I work a full time job. Thanks to software such as Log Me In, I can connect to my computers at home which is something that I love. I was not able to configure remote access to either laptop while they were running Linux. I’m sure this can be done, but the task was over my head at the time I stopped. Aside from my full time job, I am married, going to school, active in church, and I have 2 small boys, ages 1 and 2 respectively. The time investment that would be required to learn how to make Linux do what I require Linux to do is just not worth the commitment at this time. My wife is still angry at me for the 2-4 weeks that I was actively working on switching to Linux rather than spending time with her and our boys and of course helping out around the house. The "mission critical" argument might buy me a night or two, but not 2 weeks.

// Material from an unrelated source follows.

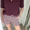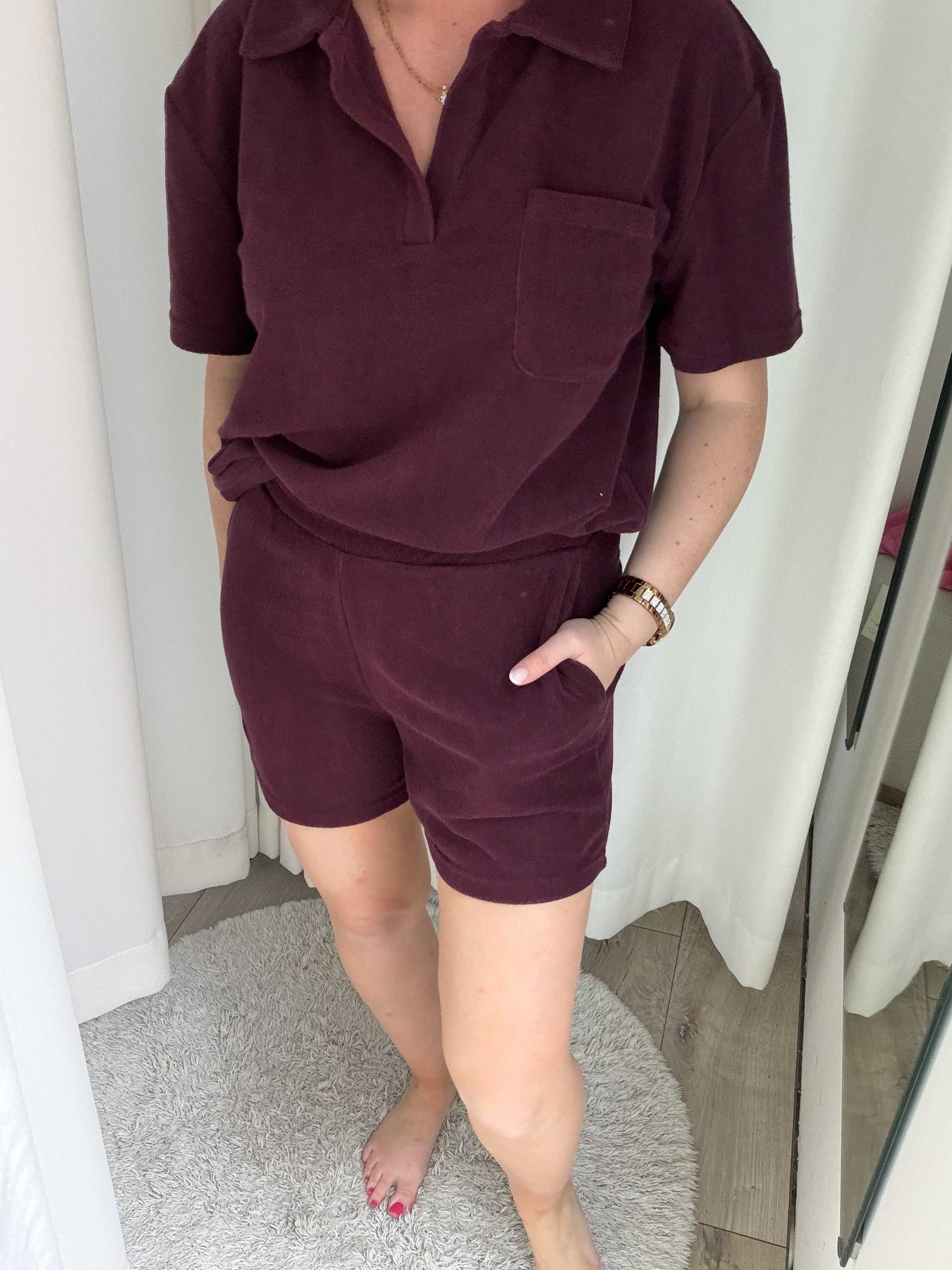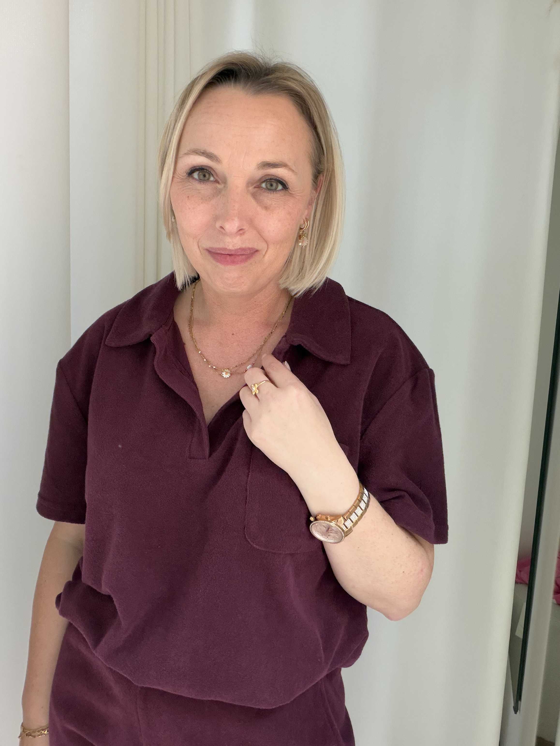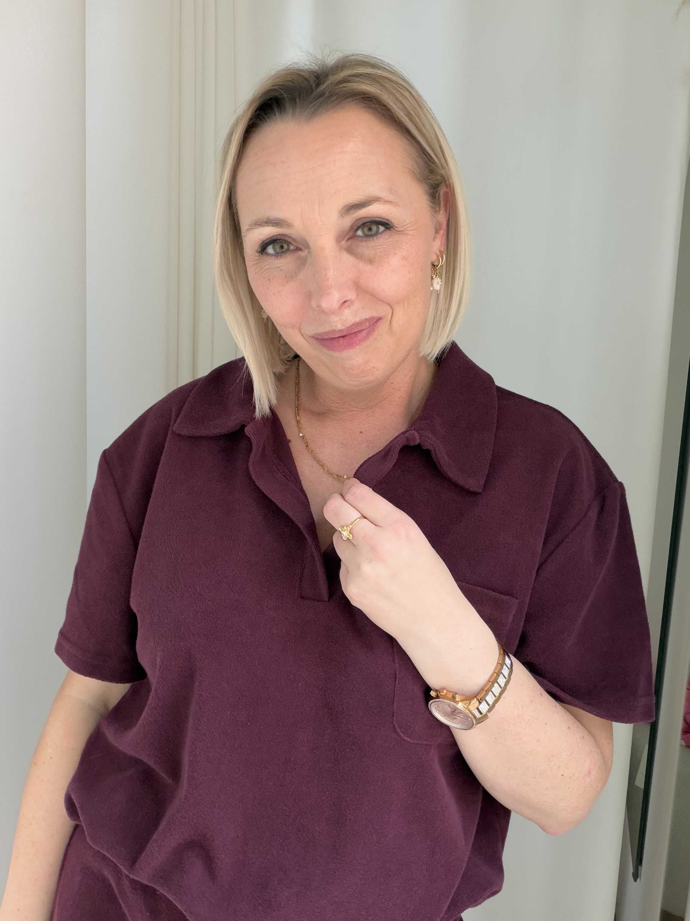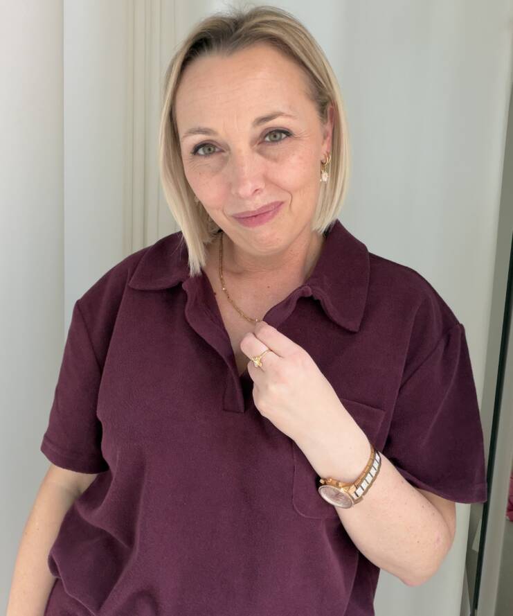 De top heeft een klassieke polokraag met een subtiele V-hals zonder knoopjes, wat zorgt voor een relaxte en vrouwelijke uitstraling. De diepe bordeauxkleur geeft het item een warme, elegante look die makkelijk te combineren is. Het borstzakje voegt een speels detail toe, terwijl de losse pasvorm zorgt voor extra draagcomfort.

There is a term in economics called opportunity cost. This encompasses all of the other factors involved in price aside from money, and all of the other economic costs. For instance, my wife recently switched us to cloth diapers because she said we would only have to buy them once. OK, financially, we’ll never have to buy another diaper (which is not true because we didn’t buy enough originally, and they only fit our 2 year old so we had to buy more of a smaller size for the baby, and we need more hemp inserts for nighttime…), but there are other costs involved. We go through a LOT more wipes now. I used to just bundle the wipes up in the old diaper which I used as a wipe also. Now I put a wipe on the carpet to place all of the other wipes in. We’re doing laundry EVERY SINGLE DAY, which will raise our gas and electricity bills. The house now has a funny smell from the cloth diapers, which sometimes don’t come out of the wash smelling Snuggle fresh no matter how much vinegar and baking soda we add. If my wife waits too late at night to start washing the diapers, I have to put a disposable on our 2 year old when I put him to bed anyway. You see, cost isn’t the only factor. Linux may be free-as-in-speech and free-as-in-beer, but there is also a learning curve and an investment in time to customize Linux to your own system and your own needs. For $99 (approximately, prices vary) I can pick up Windows XP Home and expect Windows to do most of the configuration and customization work for me. Yes, Windows isn’t as powerful (although Windows XP actually is fairly reliable and powerful in many ways), yes, Windows isn’t as cool as Linux or as scriptable, but Windows does work, and for now Windows is what I will use.

At least you cannot say that I am making this decision mindlessly. I have done extensive analysis in making this decision. I also realize that the proper name is GNU/Linux, but honestly I don’t care. The proper names of other products are Microsoft Windows and Apple Macintosh, but we don’t see people as picky with those names as with GNU/Linux.